The technology makes it possible to simulate the ageing process of cells and at the same time trigger their rejuvenation. CRISPR screens are used to identify genes that are significantly responsible for ageing and rejuvenation. This innovative method has the potential to develop new therapeutic approaches to combat age-related diseases and to slow down ageing itself.

Building on this vision, Clock.bio focuses on not only understanding the biological mechanisms of ageing, but also reversing them. At the center of the research are human induced pluripotent stem cells (hiPSCs), which are not only able to remain youthful, but also to rejuvenate themselves after artificially induced aging. This unique ability of stem cells to perform a "reset" is being used by Clock.bio to develop new, effective approaches for the treatment of age-related diseases.

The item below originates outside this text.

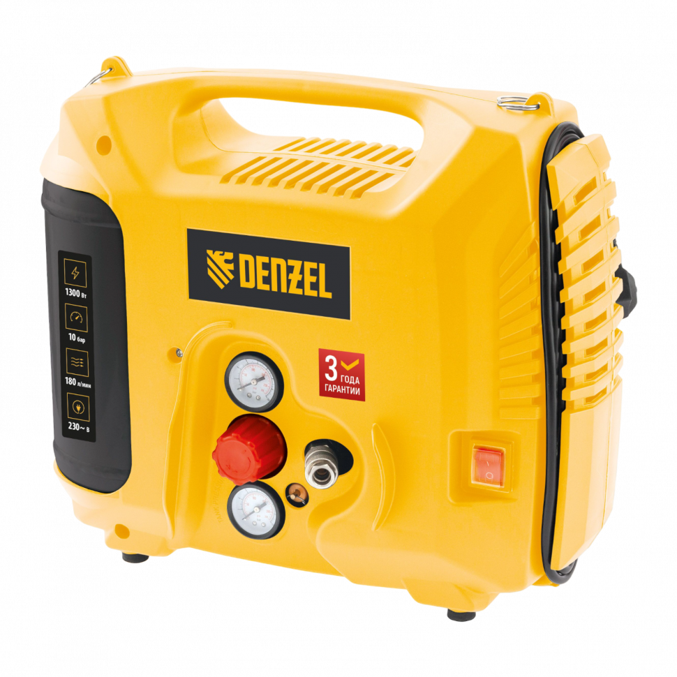 Компрессор воздушный Denzel DL1300 58011 мощностью 1,3 кВт, с максимальным рабочим давлением 10 бар, обеспечивает производительность 180 л/мин и поставляется с набором аксессуаров. Предназначен для обеспечения сжатым атмосферным воздухом нейлеров, степлеров, продувочных пистолетов, окрасочных и мовильных пистолетов и других пневмоинструментов, не требующих большого объема воздуха. Компрессор идеален для накачивания автомобильных шин, лодок, матрасов, мячей и прочих надувных изделий, а также для продувки труб водоснабжения.

While all somatic cells age irreversibly, stem cells have the ability to turn back the clock. Clock.bio works with human induced pluripotent stem cells (iPSCs) and has developed a proprietary aging model that forces stem cells to age, mimicking the known cellular hallmarks of aging. This intervention triggers a self-rejuvenation mechanism in which iPSCs repair these hallmarks and become young and healthy again. Through a genome-wide CRISPR screen and single-cell RNA sequencing of over 3 million cells, generating 20 terabytes of data, clock.bio was able to decipher the "rejuvenation mechanism" and identify more than 100 genes that together form an "atlas of rejuvenation factors".